On Thu, Jun 06, 2019 at 08:14:40AM -0700, Stephen Hemminger wrote:
> On Thu, 6 Jun 2019 13:41:41 +0200
> Christian Brauner <[email protected]> wrote:
>
> > +struct netns_brnf {
> > +#ifdef CONFIG_SYSCTL
> > + struct ctl_table_header *ctl_hdr;
> > +#endif
> > +
> > + /* default value is 1 */
> > + int call_iptables;
> > + int call_ip6tables;
> > + int call_arptables;
> > +
> > + /* default value is 0 */
> > + int filter_vlan_tagged;
> > + int filter_pppoe_tagged;
> > + int pass_vlan_indev;
> > +};
>
> Do you really need to waste four bytes for each
> flag value.

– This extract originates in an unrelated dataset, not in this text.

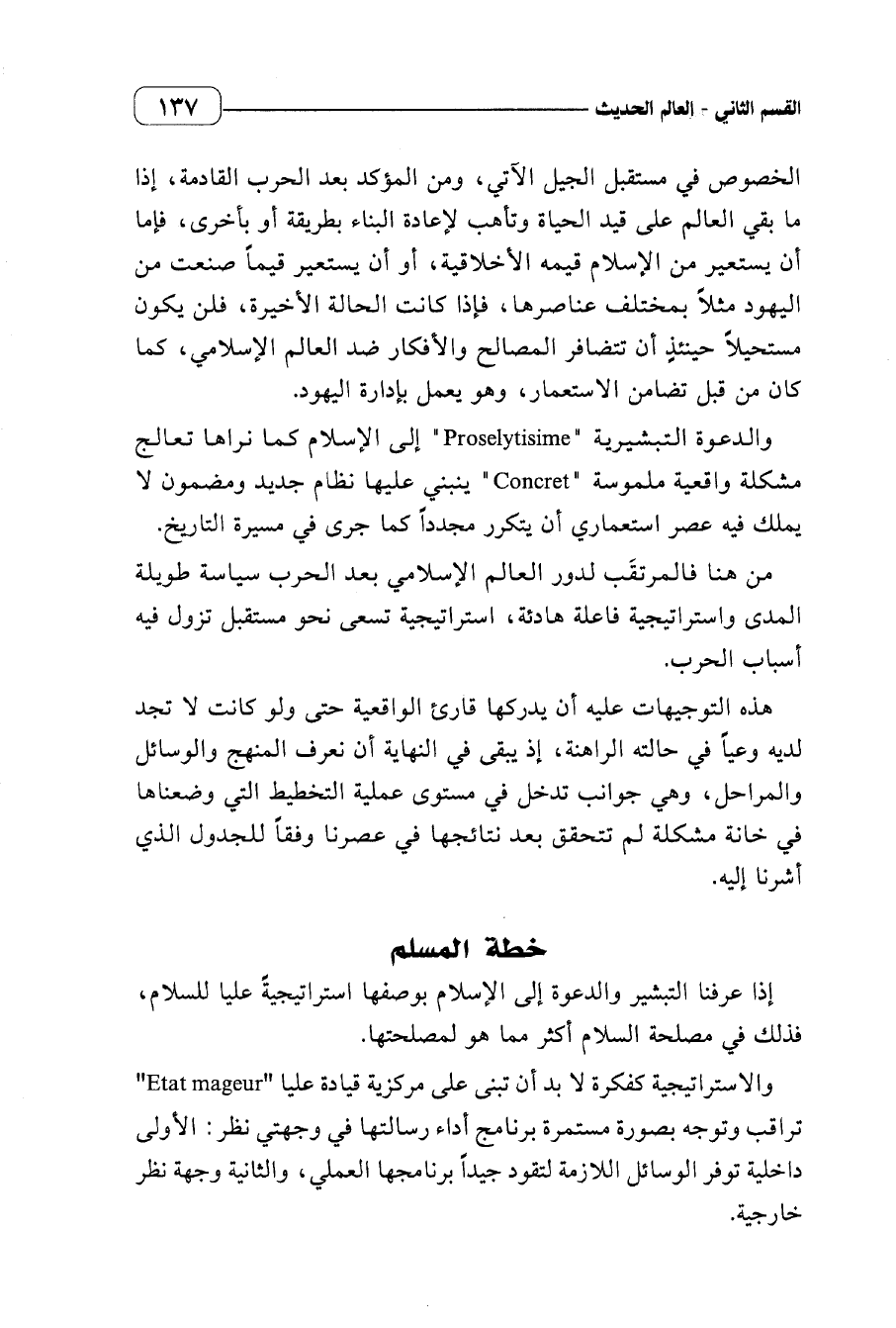 والدعوة التبشيرية (Proselytisime) إلى الإسلام كما نراها تعالج مشكلة واقعية مسلمومعة (Concret) ينبني عليها نظام جديد ومضمون لا يملك فيه عصر استعماري أن يتكرر مجددا كما جرى في مسيرة التاريخ.

If you use a u8 that would work just as well.

I think we had discussed something like this but the problem why we
can't do this stems from how the sysctl-table stuff is implemented.
I distinctly remember that it couldn't be done with a flag due to that.

Christian

2019-06-06 18:08:41

by Stephen Hemminger

[permalink] [raw]
Subject: Re: [PATCH RESEND net-next 1/2] br_netfilter: add struct netns_brnf

On Thu, 6 Jun 2019 13:41:41 +0200
Christian Brauner <[email protected]> wrote:

> +struct netns_brnf {
> +#ifdef CONFIG_SYSCTL
> + struct ctl_table_header *ctl_hdr;
> +#endif
> +
> + /* default value is 1 */
> + int call_iptables;
> + int call_ip6tables;
> + int call_arptables;
> +
> + /* default value is 0 */
> + int filter_vlan_tagged;
> + int filter_pppoe_tagged;
> + int pass_vlan_indev;
> +};

Do you really need to waste four bytes for each
flag value. If you use a u8 that would work just as well.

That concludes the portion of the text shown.